They had married in a civil ceremony two weeks earlier as the church,
here in Rwanda, cannot legally marry couples. The day started with the
‘giveaway’ ceremony followed by the church ceremony and then the reception
which was much more like another ceremony – this is then followed by a smaller,
family ceremony so by the end of the day the bride and groom must be ready for
bed!
As I’ve said before, in this blog,
the thing I love about being here is the observations I make about the cultural
differences between Rwanda and the UK and going to these ceremonies allowed me
to observe a traditional Rwandese wedding and all its customs.
The invitation announced that the
giveaway would start at 9am so I, with a few others, was there on time. The setting was in some lovely shaded
gardens in a small guest house in Kigali with two marquees set-up facing each
other – one for the bride’s family and friends and one for the groom’s or
should it be wife’s and husband’s as they were already married. There was then a smaller, more ornate
marquee between the two where the bride, groom and attendants sat.
Two hours later, the ceremony
started. Waiting for those two hours, I was trying to understand how they knew
when it was going to start – the grooms marquee was empty whilst the bride’s
started to fill up but then all the groom’s family and friends entered together
as they had to be invited by the bride’s family to attend the ceremony.
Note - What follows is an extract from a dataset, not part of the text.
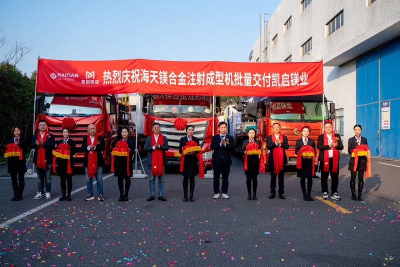 簽約儀式結束后,現場舉行了隆重的發機儀式。6臺高性能鎂合金注射成型機正式啟程,發往凱啟鎂科技生產基地,成為雙方合作及產業協同成果的直接見證。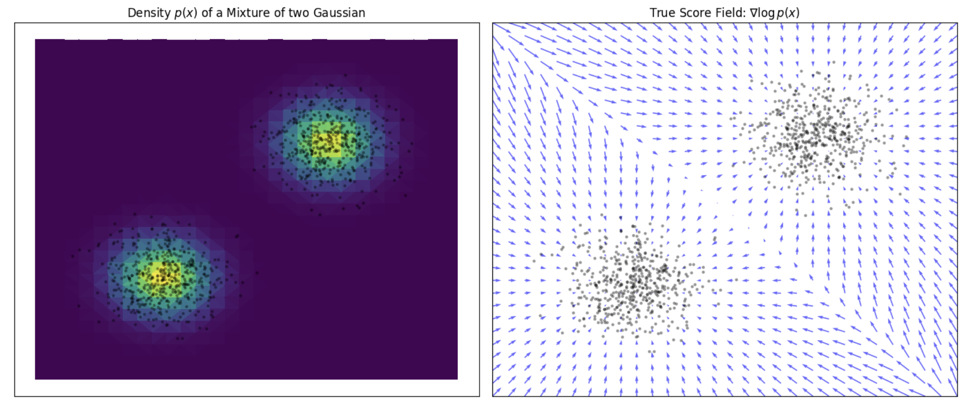 \[\nabla_{\mathbf{x}} \log p(\mathbf{x}),\]and a model for the score function is called a score-based model, which we denote as $s_\theta(\mathbf{x})$.

It made me think about English
weddings that not only start on time but normally guests arrive an hour early.
The giveaway is the traditional
ceremony where the bride’s family gives her away to the groom – it is also
where the dowry is given and I was a bit disappointed when no cows appeared as
today money is the common form of a dowry. Elders of the family made lots of
speeches, there was lots of giving of bottles of non-alcoholic drink and
Fantas, some other ritual where the groom places a hat on someone’s head and
the bridal party arrived accompanied by singers and dancers.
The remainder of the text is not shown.